Poki co dzieki Qyonowi, serwer smiga. Ma ktos jeszcze problemy?

0

Ja wczoraj mialem (oprocz wymienionych wczesniej przez innych okresow) okolo 14-15, przez jakies 30 minut. Dzisiaj bez zarzutu, ale za duzo nie bylem.

0

Bo wtedy była migracja na php5/mysql5 :)

0

U mnie dzisiaj nie działało 11-13 :/

0

Hmm... widac po statystykach znaczny spadek obciazenia serwera. Dzisiaj w ogole sie strona nie ladowala? Hmmm... :/ Chyba nic nie bylo robione na serwerze.

0

Tak, u mnie tez w takich godzinach jak podal cyriel nie szlo.

0

Dzisiaj problemem nie byl sam serwer o ile dostawca (przynajmniej tak mi sie wydaje) nie udawalo sie wbic na www ani na ssh, po uplywie jakiegos czasu probowalem ponownie i udalo sie zalogowac na ssh i load serwera byl w granicach 0.10 ;) Wiec nie byl obciazony, bardziej to wygladalo jak awaria laczy i po prostu nie bylo drogi do 4p :>

Zamiast narzekac ze nie dziala iles tam, cieszcie sie z tego kiedy dziala ;)

0

Ja nie narzekam, tylko odpowiadam na pytanie ;) Mi wystarczy to, ze dziala w 95% czasu ;)

0

Acha. No wiec mnie uspokoiliscie, w kazdym badz razie z tego co obserwuje dziala ok poki co.

0

@Pedros: A czy ja narzekam? ;-)
johny_bravo napisał:

Mi wystarczy to, ze dziala w 95% czasu

Mi też i ciesze się jak przez tyle dział, bo tyle mi starcza, ale jak może działać przez 100% czasu, to czemu nie? :)

0

W nocy 4p znów umarło. Żadna poddomena nie działała.

0

A pingi dochodzily? Moze znowu cos na laczu sie popsulo?

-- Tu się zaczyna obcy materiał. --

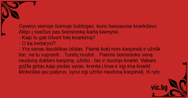 - Yra senas liaudiškas būdas. Paimk kokį nors kaspinelį ir užrišk ten, na tu supranti... Turėtų nustot... Paėmė šeimininkė seną raudoną dukters kaspiną, užrišo - tas ir nustojo knarkt. Vakare grįžta girtas kaip pėdas vyras, krenta į lova ir irgi ima knarkt. Moteriškė jau patyrus, vyrui irgi užrišo raudoną kaspinėlį. Iš ryto pachmielnas vyras atsikelia, nueina į tuliką, ir pamato gražų raudoną kaspinėlį užrištą vietoj, kurioj jis to mažiausiai tikėjosi. Pasimetęs išeina iš tualeto, ir pamato, kad šuo irgi su kaspinu. Pasimetęs jis pakrapšto galvą ir taria buldogui:

//z pewnych przyczyn nie sprawdziłem ;) - M

0

4programmers znowu pracuje z prędkością kalafiora ;/ Już od co najmniej 2 dni, strona mocno spowolniła (raz na 3 requesty dostaje timeout)

Łącze jest raczej ok (moj operator do Chello) do serwera mam ping ~40 zer lossów

p.s aby móc napisać ten post musiałem 4 razy <ort>odswierzac </ort>stronę bo non stop timeouty ;/

0

Też mam Chello i też chodzi kiepsko.

0

Drobne problemy z nadpobudliwością jakiegoś użytkownika. Pacyfikujemy na bieżąco.

0
Qyon napisał(a)

Drobne problemy z nadpobudliwością jakiegoś użytkownika. Pacyfikujemy na bieżąco.

Trzeba tez pacyfikować ludzi wysyłających linki do programów nie pożądanych. To jest jakaś plaga, bo nie tylko na 4p takie coś się dzieję.

0

W środe wieczorem 4p umarło. Na poczatku 0 odpowiedzi(przy próbie odświeżenia strony albo wejścia na główną), a potem pokazywał się tylko napis "conecting..." Co się dzieje?